Les cordes du fiddle diffusent une discrète ritournelle grinçante, avant que Radie Peat immisce sont chant, plein de mélancolie. Les voix masculines viennent alors appuyer certains passages, comme autant d’âmes convoquées à la messe. Les paroles se chargent de sens au son des motifs répétitifs comme autant de cycles infinis d’une errance. La setlist, quasiment la même lors des 2 concerts, à quelques exceptions près (Le Petit Bain aura eu droit à « Lord Abore and Mary Flynn » tandis que le Trabendo aura applaudi « Lullaby » et une reprise des Pogues pendant le rappel), se déroule alors avec fluidité, mêlant avec homogénéité extraits du dernier album False Lankum et titres plus anciens. Les titres prennent leur temps, se déploient, gagnent en intensité tandis que les lignes de chant s’entremêlent et que les instruments bourdonnent. Juste avant le rappel, le concert se termine avec le désormais incontournable « Go dig my grave », avec ses 2 parties qui vous arrachent les tripes. La 1e tout en litanie hypnotique et la seconde faisant basculer le titre dans une rumeur de fin du monde.

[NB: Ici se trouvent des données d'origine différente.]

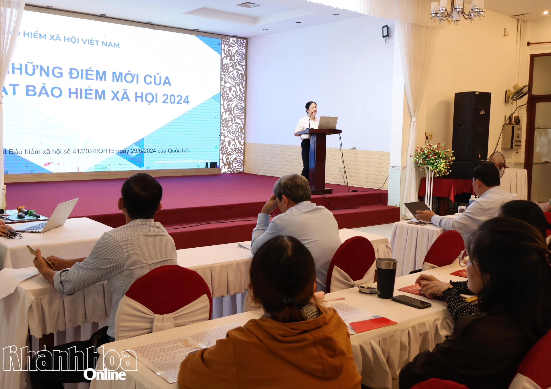 Báo cáo viên truyền đạt nội dung những điểm mới của Luật Bảo hiểm xã hội 2024.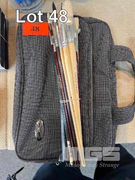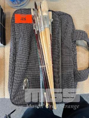 23 x ASSORTED ARTIST BRUSHES, SYNTHETIC & HOGS HAIR & CARRY BAG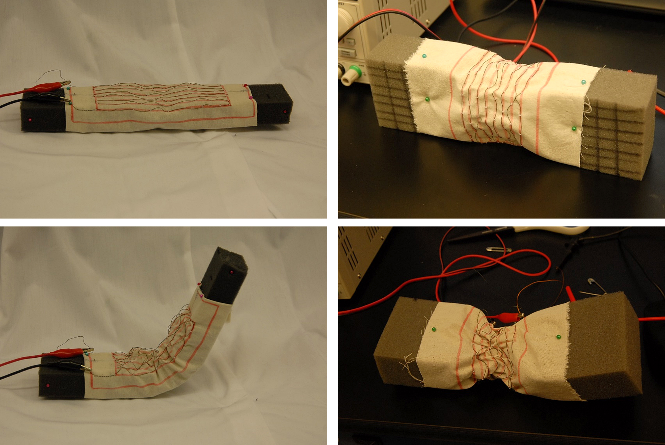 We have integrated both actuation and sensing, whereas most robotic fabrics currently in development feature only sensing or other electronic components that utilize conductive thread. We also use standard sewing techniques to introduce the thread-like actuators and sensors into the fabric, so they could conceivably be integrated into the existing textile manufacturing infrastructure.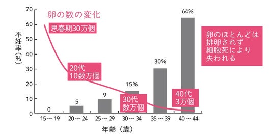 思春期に約30万個あった卵は、20代以降では減少の一途をたどり、加齢により染色体異常のリスクが高まり、卵の質も下がっていきます※。

Sans avoir à forcer le trait, Lankum donne corps et âme à son répertoire sur scène. Les fantômes dont les chansons nous narrent les destins tragiques s’invitent à la fête dans un cortège d’émotions et on se surprend à leur prendre la main dans un élan de communion universelle. Le tout en passant allègrement de la légèreté acoustique à la lourdeur électrique et expérimentale. Sans drama mais in fine, avec le sourire aux lèvres, celui qu’on affiche discrètement quand on éprouve la sensation consciente d’être vivant. A l’instar de ces 2 compères joyeusement avinés à la sortie du Trabendo.
2 COMMENTAIRES
8oris le 15/03/2024 à 11:31:03
Superbes clichés! Bravo Moland !
Moland le 15/03/2024 à 11:47:26
Merci, Boris. :) Gros kif de les shooter. A ne pas manquer, en live, si tu as l'occasion.